Top of Input records
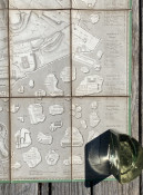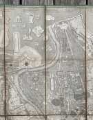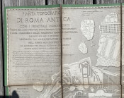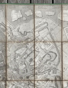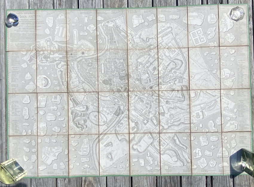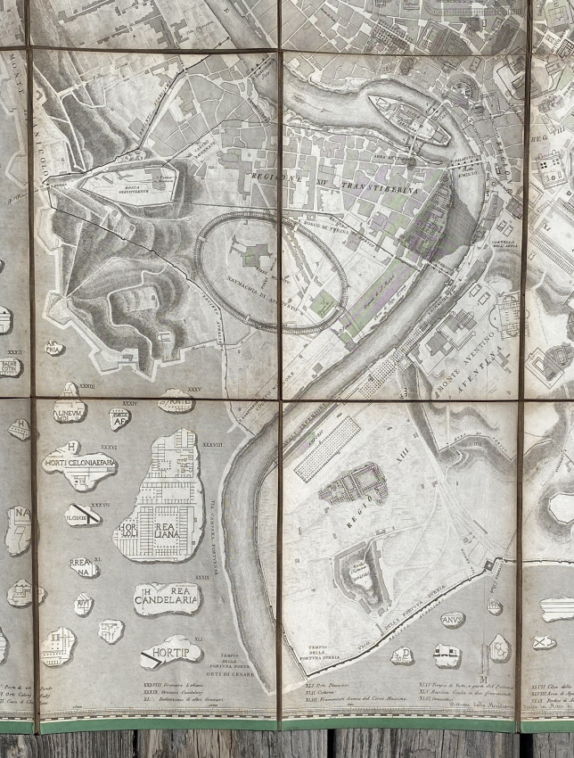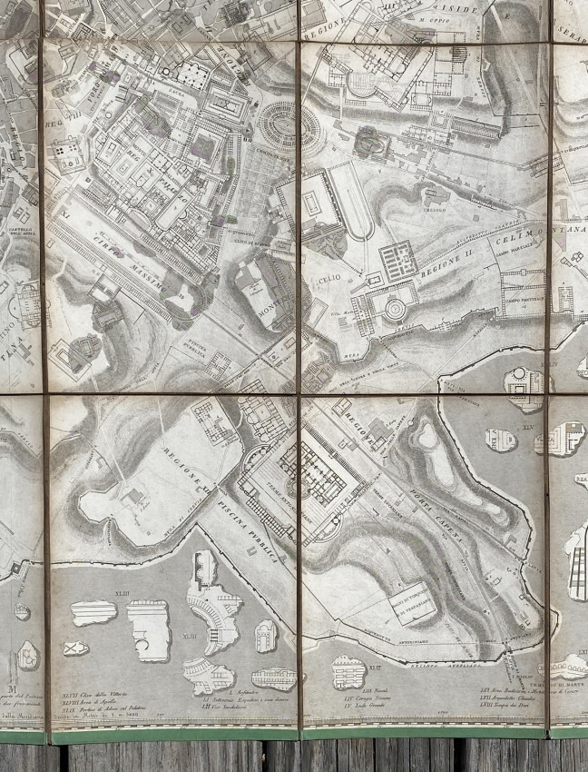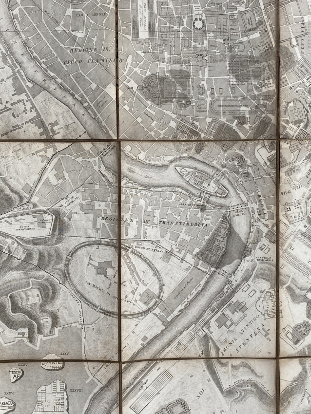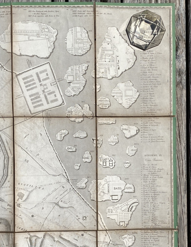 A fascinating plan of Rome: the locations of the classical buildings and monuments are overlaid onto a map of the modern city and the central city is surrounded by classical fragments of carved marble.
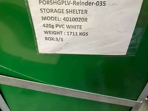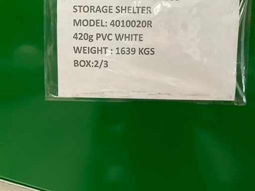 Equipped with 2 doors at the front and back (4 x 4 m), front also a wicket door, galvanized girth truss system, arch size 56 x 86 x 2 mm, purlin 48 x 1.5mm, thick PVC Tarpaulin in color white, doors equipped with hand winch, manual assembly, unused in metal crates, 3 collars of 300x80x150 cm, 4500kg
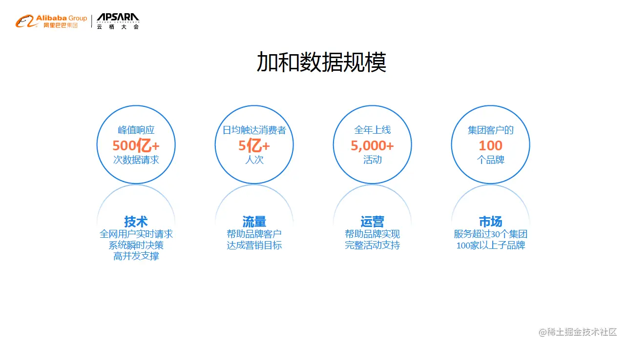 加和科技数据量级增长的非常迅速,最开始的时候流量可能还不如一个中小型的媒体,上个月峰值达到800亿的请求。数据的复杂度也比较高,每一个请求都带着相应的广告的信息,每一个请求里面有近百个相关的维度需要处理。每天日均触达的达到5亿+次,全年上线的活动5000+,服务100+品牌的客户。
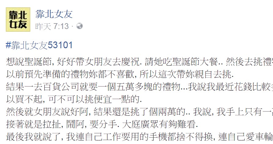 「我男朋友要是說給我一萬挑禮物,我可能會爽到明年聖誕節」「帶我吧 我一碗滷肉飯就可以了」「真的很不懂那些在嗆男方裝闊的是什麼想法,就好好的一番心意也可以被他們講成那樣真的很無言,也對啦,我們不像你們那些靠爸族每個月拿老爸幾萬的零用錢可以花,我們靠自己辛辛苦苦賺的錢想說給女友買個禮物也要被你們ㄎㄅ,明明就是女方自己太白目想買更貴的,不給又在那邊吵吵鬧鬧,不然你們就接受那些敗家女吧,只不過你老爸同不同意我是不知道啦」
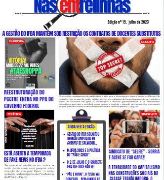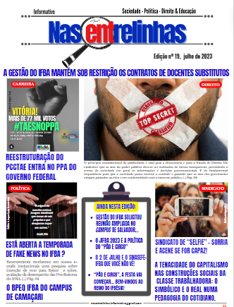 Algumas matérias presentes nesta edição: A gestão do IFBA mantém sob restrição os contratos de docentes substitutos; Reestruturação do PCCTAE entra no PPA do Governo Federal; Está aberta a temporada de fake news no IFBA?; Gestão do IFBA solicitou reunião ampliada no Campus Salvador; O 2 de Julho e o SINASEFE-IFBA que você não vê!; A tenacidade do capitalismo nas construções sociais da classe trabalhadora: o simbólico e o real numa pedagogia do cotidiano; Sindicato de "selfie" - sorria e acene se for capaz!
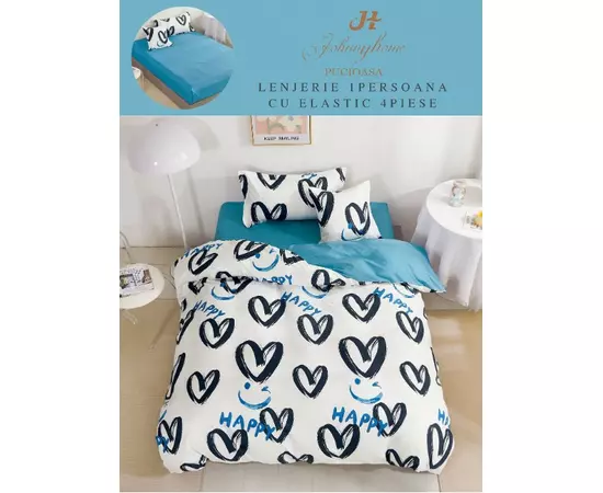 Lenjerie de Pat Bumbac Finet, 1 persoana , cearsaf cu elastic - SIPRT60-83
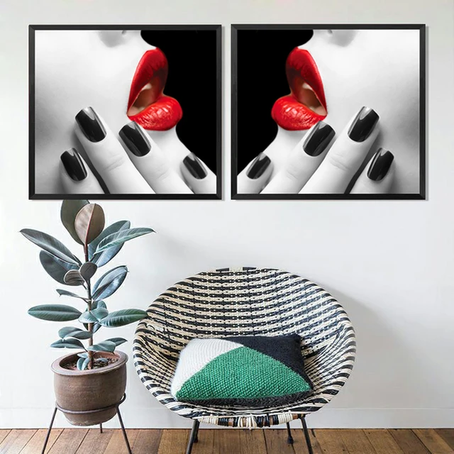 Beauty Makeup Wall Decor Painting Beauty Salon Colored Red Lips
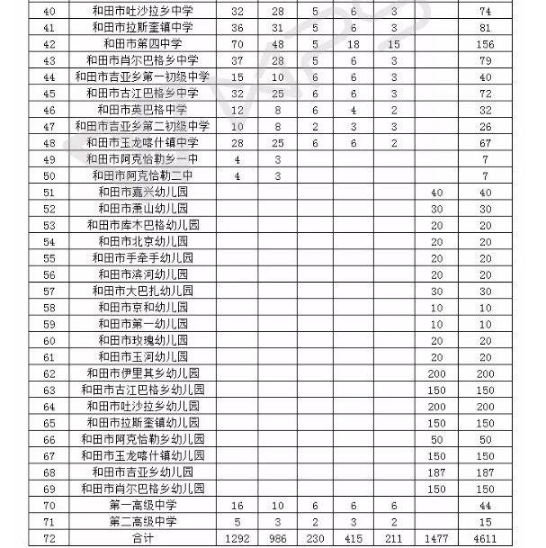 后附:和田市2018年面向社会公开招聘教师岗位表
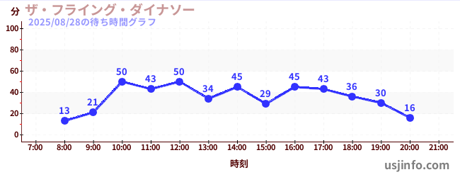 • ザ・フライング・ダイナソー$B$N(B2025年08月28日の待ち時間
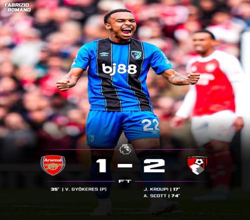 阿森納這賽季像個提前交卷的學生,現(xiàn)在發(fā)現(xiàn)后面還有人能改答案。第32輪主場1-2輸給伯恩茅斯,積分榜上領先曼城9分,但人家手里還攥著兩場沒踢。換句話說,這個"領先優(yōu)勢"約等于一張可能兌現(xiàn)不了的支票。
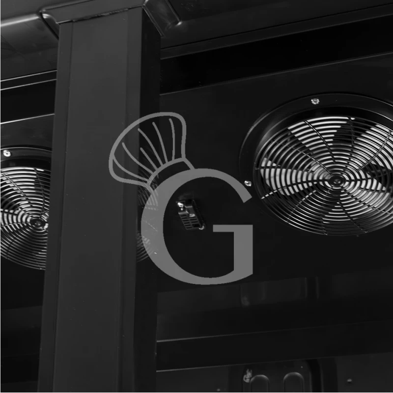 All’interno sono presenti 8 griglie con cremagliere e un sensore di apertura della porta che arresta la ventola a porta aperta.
Bottom of Input records
Top of Input records
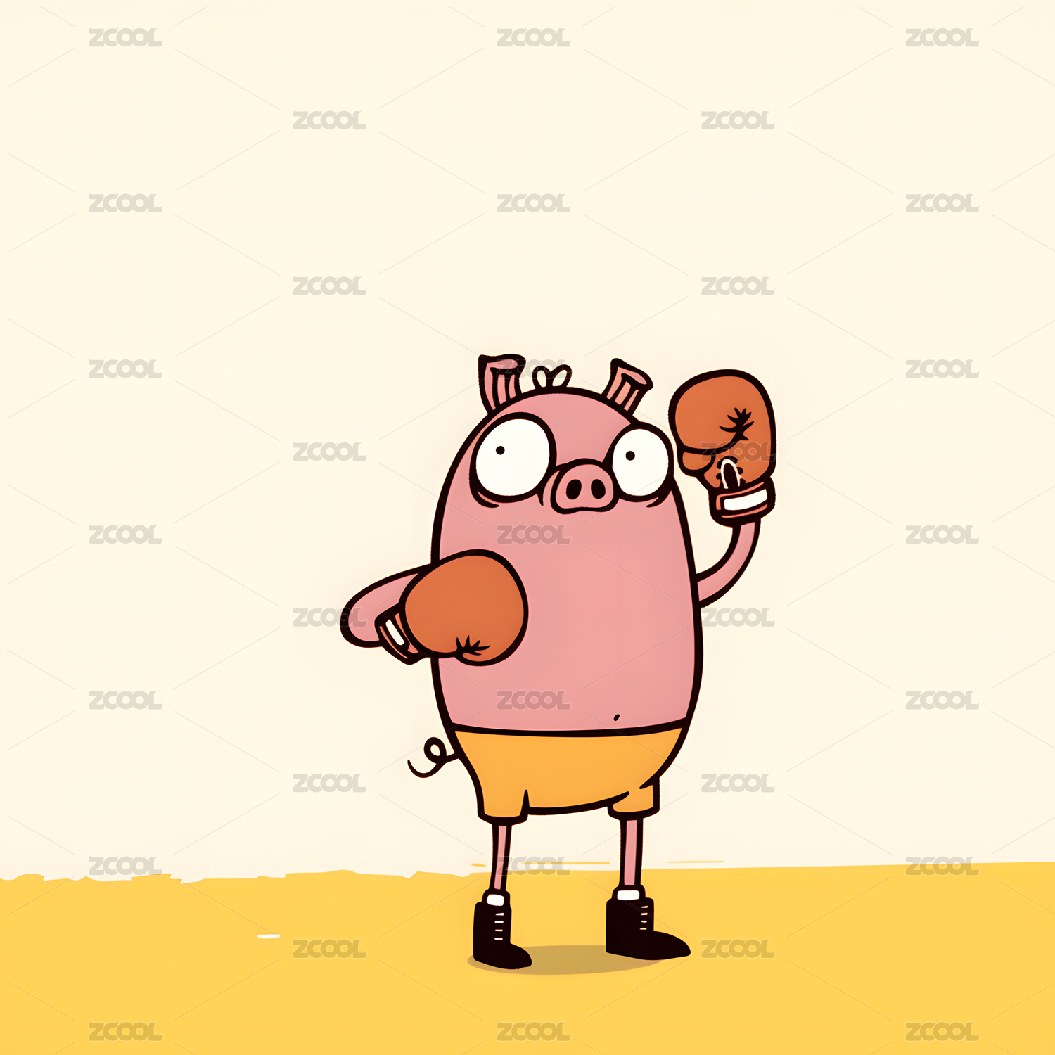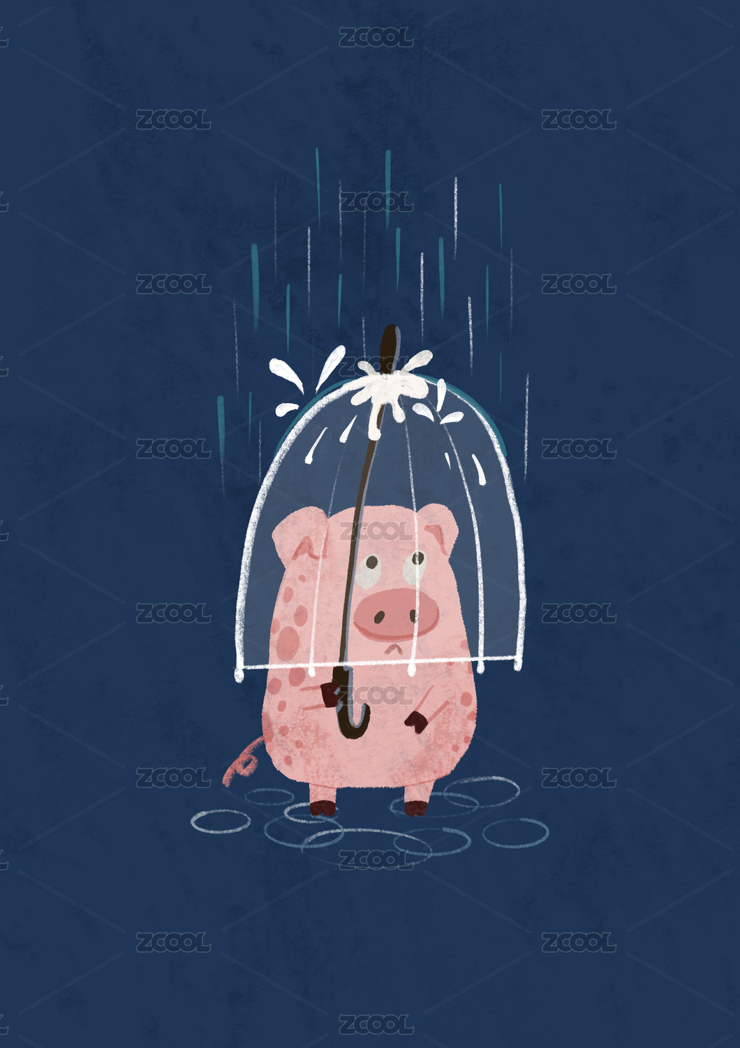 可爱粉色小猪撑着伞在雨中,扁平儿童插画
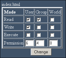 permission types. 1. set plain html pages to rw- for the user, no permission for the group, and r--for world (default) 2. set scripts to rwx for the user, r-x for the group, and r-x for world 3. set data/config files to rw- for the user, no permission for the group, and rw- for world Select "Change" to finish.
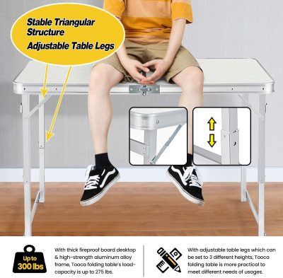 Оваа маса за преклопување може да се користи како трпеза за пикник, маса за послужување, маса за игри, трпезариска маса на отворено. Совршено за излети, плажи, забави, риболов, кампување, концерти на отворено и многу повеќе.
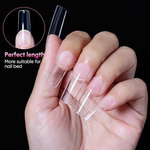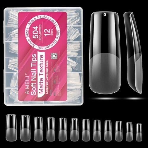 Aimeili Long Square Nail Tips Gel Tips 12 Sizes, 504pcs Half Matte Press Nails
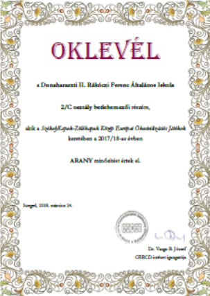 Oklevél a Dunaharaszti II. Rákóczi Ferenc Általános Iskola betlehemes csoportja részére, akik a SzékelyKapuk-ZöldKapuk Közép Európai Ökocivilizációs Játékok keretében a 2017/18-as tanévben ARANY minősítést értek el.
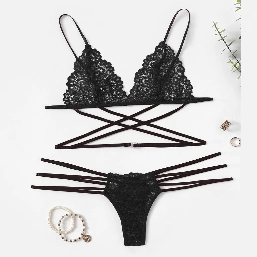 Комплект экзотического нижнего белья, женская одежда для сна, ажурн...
Bottom of Input records
Give again, exactly as written above, each line from the one that has "后附:和田市2018年面向社会公开招聘教师岗位表" to the one that has "All’interno sono presenti", both included; omit the pictures.

Finished exercise:
 后附:和田市2018年面向社会公开招聘教师岗位表
 • ザ・フライング・ダイナソー$B$N(B2025年08月28日の待ち時間
 阿森納這賽季像個提前交卷的學生,現(xiàn)在發(fā)現(xiàn)后面還有人能改答案。第32輪主場1-2輸給伯恩茅斯,積分榜上領先曼城9分,但人家手里還攥著兩場沒踢。換句話說,這個"領先優(yōu)勢"約等于一張可能兌現(xiàn)不了的支票。
 All’interno sono presenti 8 griglie con cremagliere e un sensore di apertura della porta che arresta la ventola a porta aperta.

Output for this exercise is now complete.